Source data:
· · · · · · ·

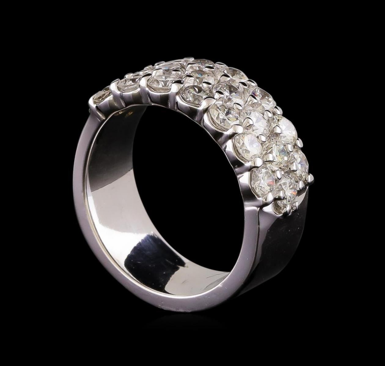 One electronically tested 14KT white gold ladies cast diamond ring with a flat shank with a bright polish finish. Identified with markings of "14K". Condition is new. Containing: Twenty-Two prong set round brilliant cut diamonds, measuring 3.00 - 3.00 x 1.80mm (depth est.) approximate total weight of 22 Stones = 2.17ct. Clarity: SI-2 to I-1. Color: I - J, Cut is Good. All diamonds are graded in the mounting, unless otherwise stated. Total Weight of Diamonds 2.17ct. Total Weight of Ring 9.40 grams. GGL Appraised.
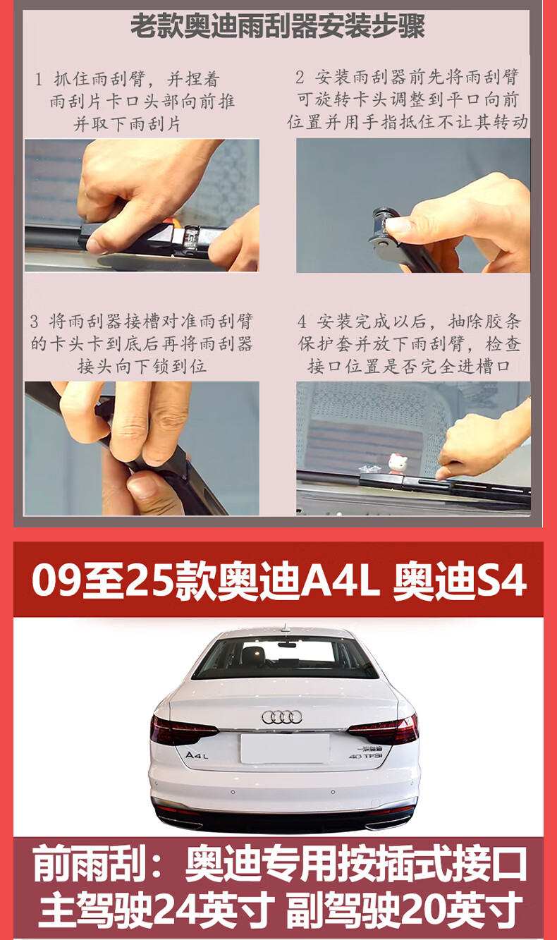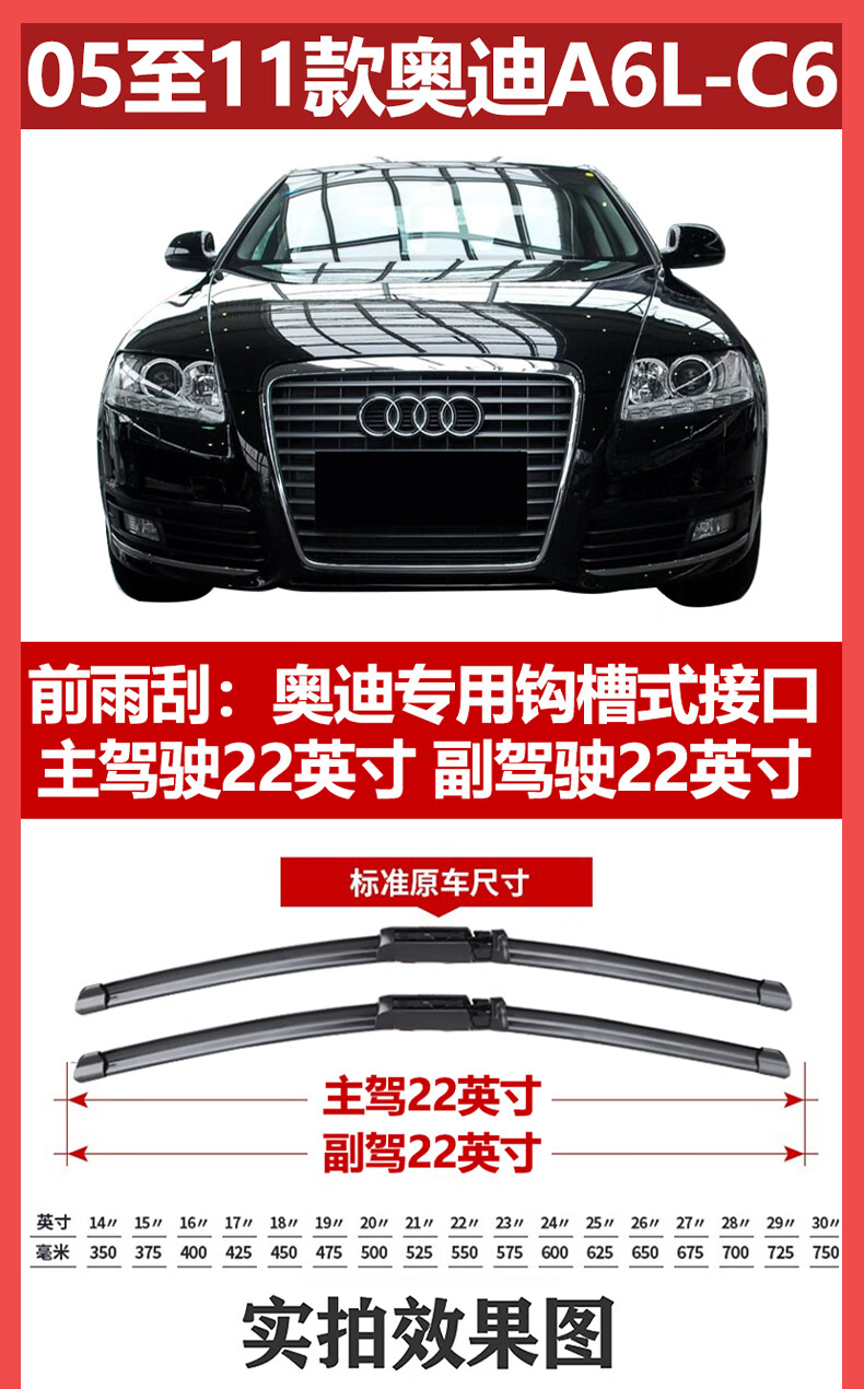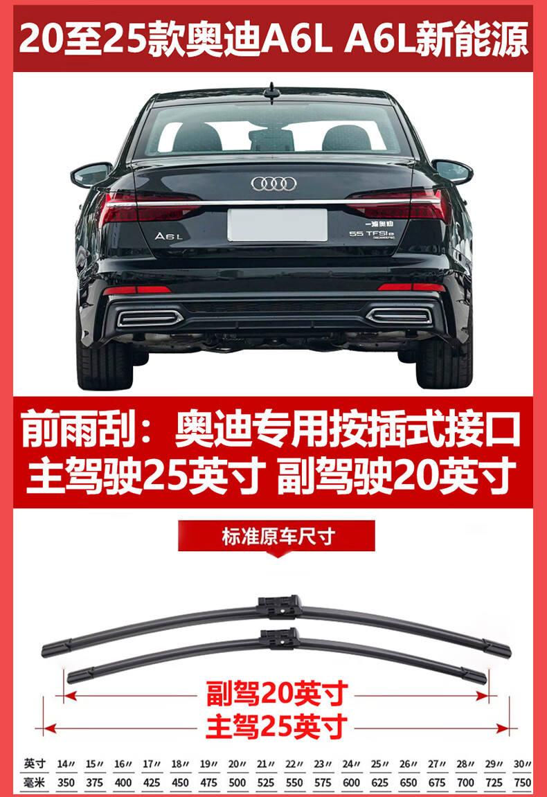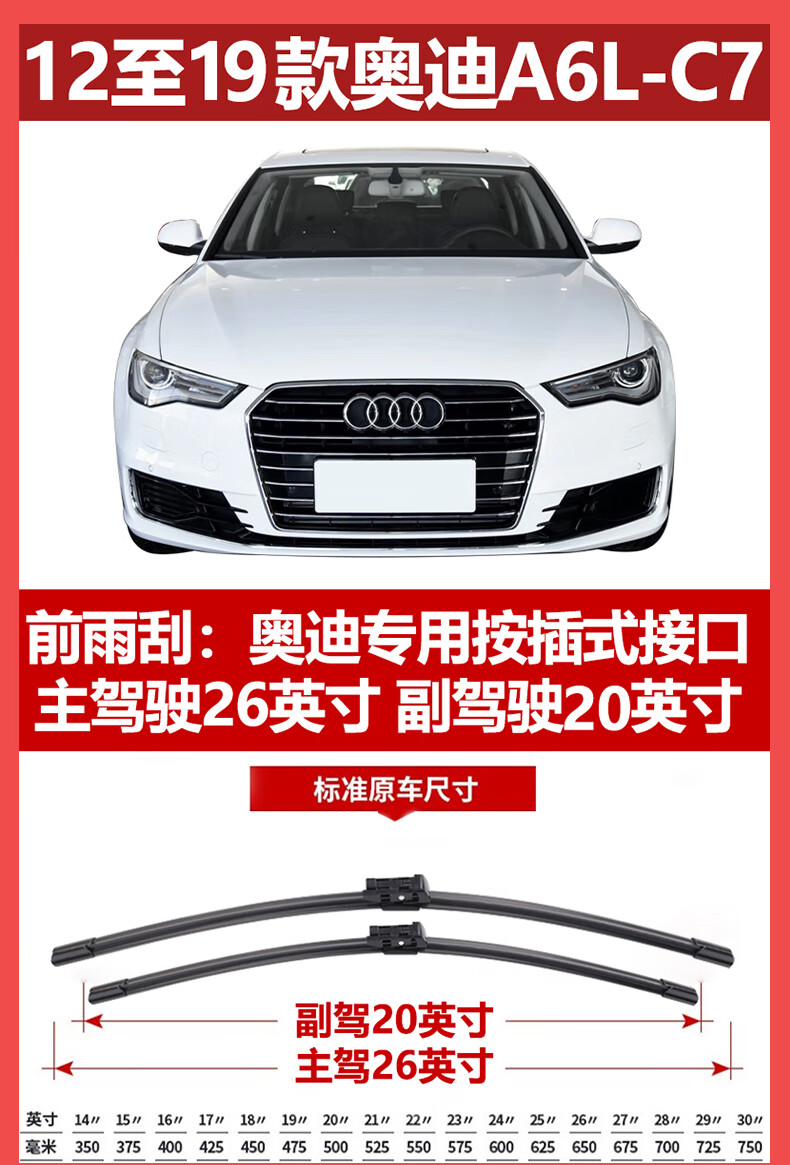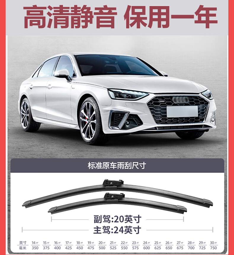 澳雷洁(AOLEIJIE)奥迪雨刮器 静音雨刷 原装雨刮片胶条 适用于 奥迪A4L 09至25款 前挡一对装
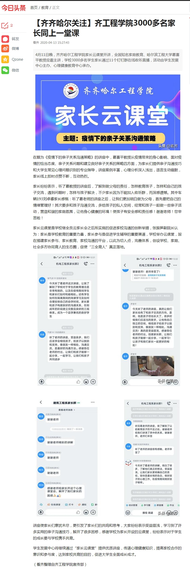 今日头条《齐齐哈尔关注》:齐工程学院3000多名家长同上一堂课
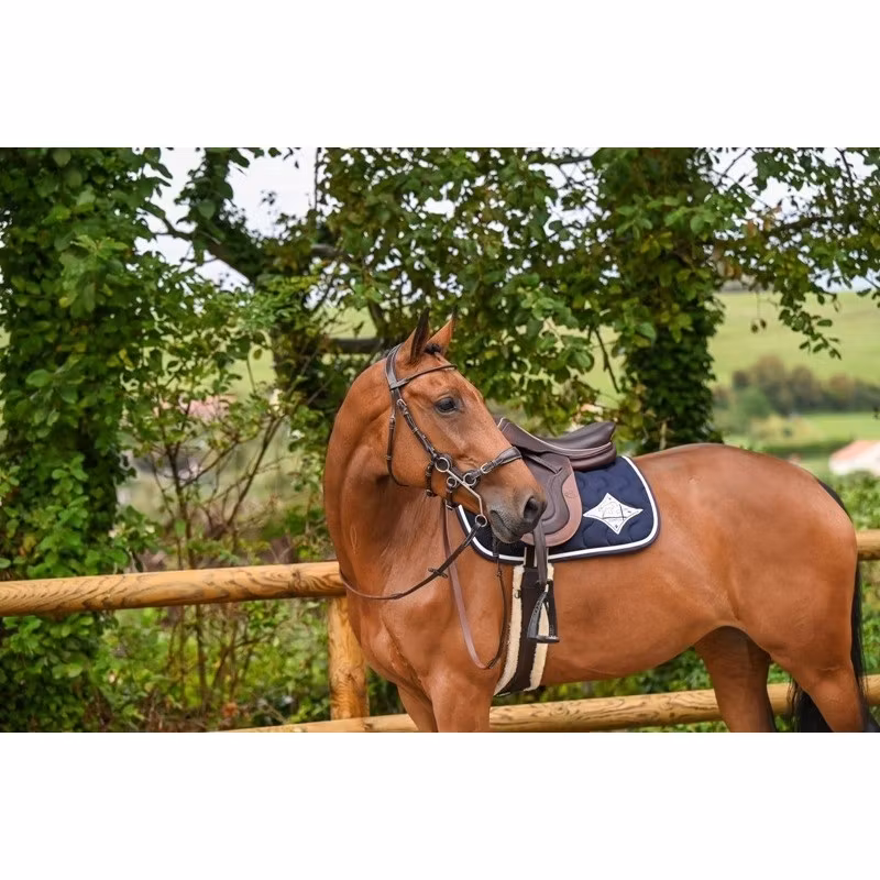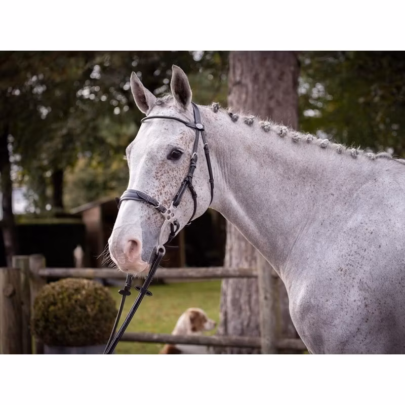 Specially created with adapted cheek pieces, the Hackamore bridle gives an alternative to traditional bridles with a bit. The noseband is directly attached to the bit so the bridle is lightened. The brow band is made with a round leather and the headpiece is anatomical. The buckles are stainless steel and the reins are made of a flexible rubber.
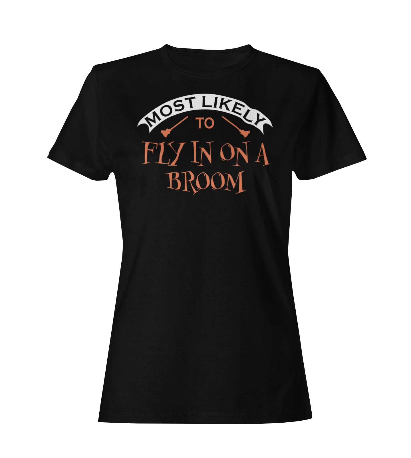 Go Squad! It's time to round up your crew for the Halloween Festivities! This tee says, Most Likely To Fly In On A Broom and is printed on Black. Every Tee in this squad group comes in a different color, so, you can look like a team, but still express your individuality! Let the spooky fun begin!
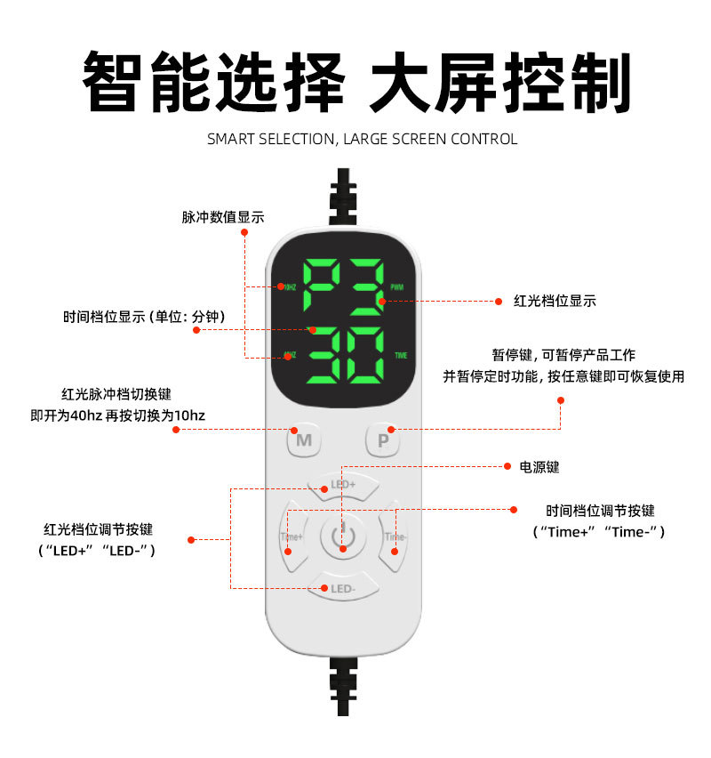 Передача Five levels of red light, two levels of pulse, nine levels of timing
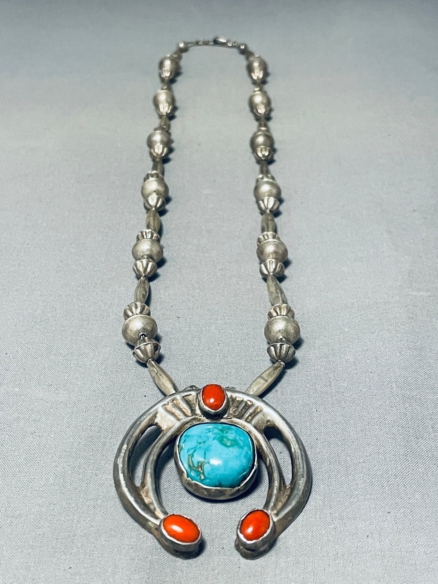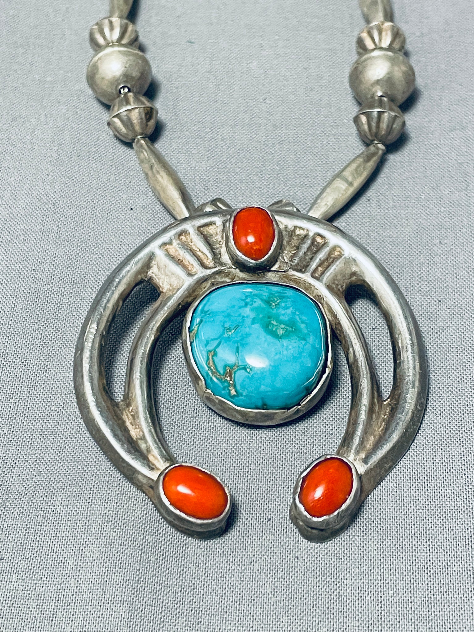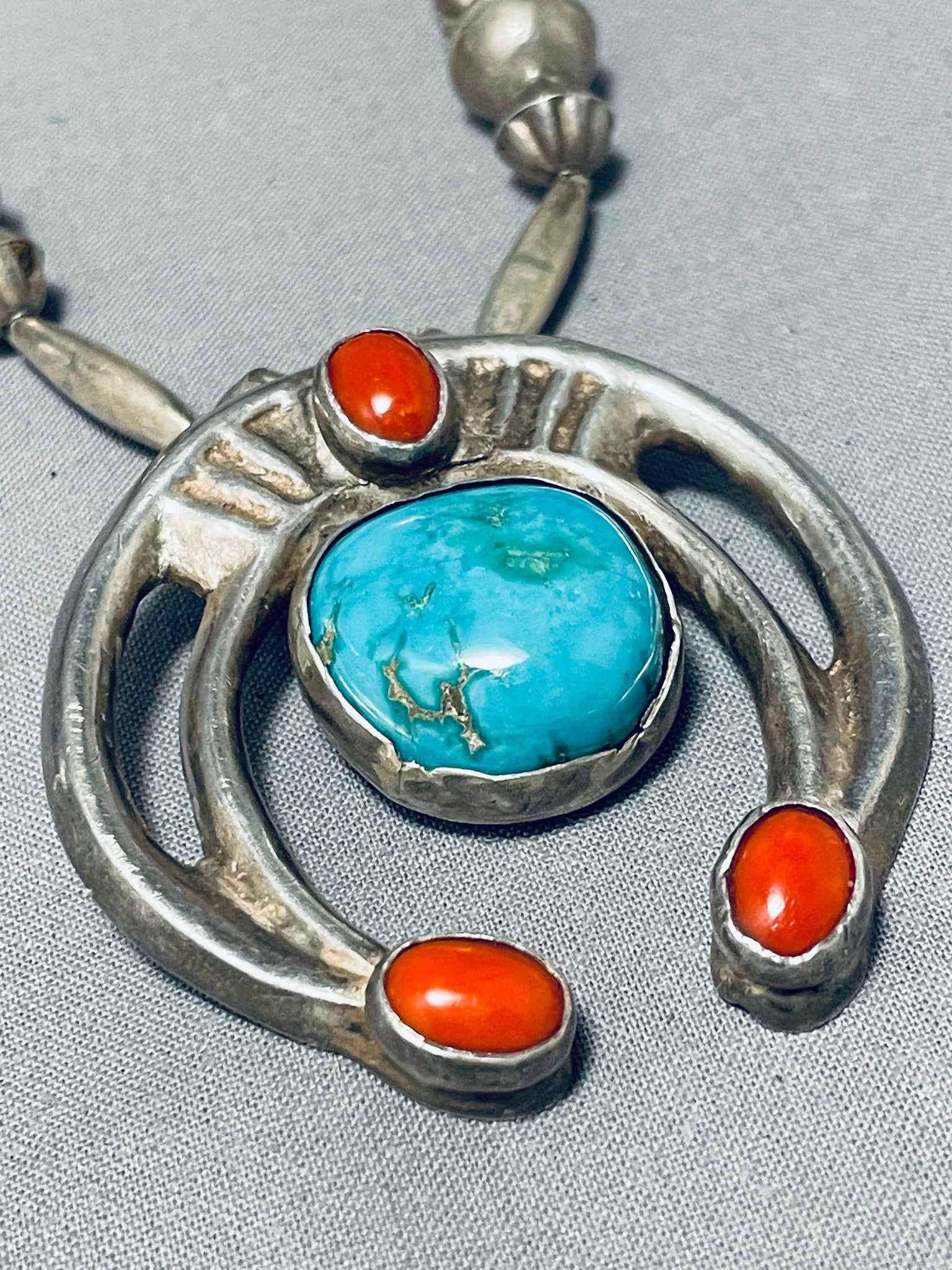 One Of The Best Hand Tooled Vintage Native American Navajo Turquoise Sterling Silver Necklace

· · · · · · ·

Could the entries above be restated word for word, with the pictures left out?

**EXERCISE RESULT**
 One electronically tested 14KT white gold ladies cast diamond ring with a flat shank with a bright polish finish. Identified with markings of "14K". Condition is new. Containing: Twenty-Two prong set round brilliant cut diamonds, measuring 3.00 - 3.00 x 1.80mm (depth est.) approximate total weight of 22 Stones = 2.17ct. Clarity: SI-2 to I-1. Color: I - J, Cut is Good. All diamonds are graded in the mounting, unless otherwise stated. Total Weight of Diamonds 2.17ct. Total Weight of Ring 9.40 grams. GGL Appraised.
 澳雷洁(AOLEIJIE)奥迪雨刮器 静音雨刷 原装雨刮片胶条 适用于 奥迪A4L 09至25款 前挡一对装
 今日头条《齐齐哈尔关注》:齐工程学院3000多名家长同上一堂课
 Specially created with adapted cheek pieces, the Hackamore bridle gives an alternative to traditional bridles with a bit. The noseband is directly attached to the bit so the bridle is lightened. The brow band is made with a round leather and the headpiece is anatomical. The buckles are stainless steel and the reins are made of a flexible rubber.
 Go Squad! It's time to round up your crew for the Halloween Festivities! This tee says, Most Likely To Fly In On A Broom and is printed on Black. Every Tee in this squad group comes in a different color, so, you can look like a team, but still express your individuality! Let the spooky fun begin!
 Передача Five levels of red light, two levels of pulse, nine levels of timing
 One Of The Best Hand Tooled Vintage Native American Navajo Turquoise Sterling Silver Necklace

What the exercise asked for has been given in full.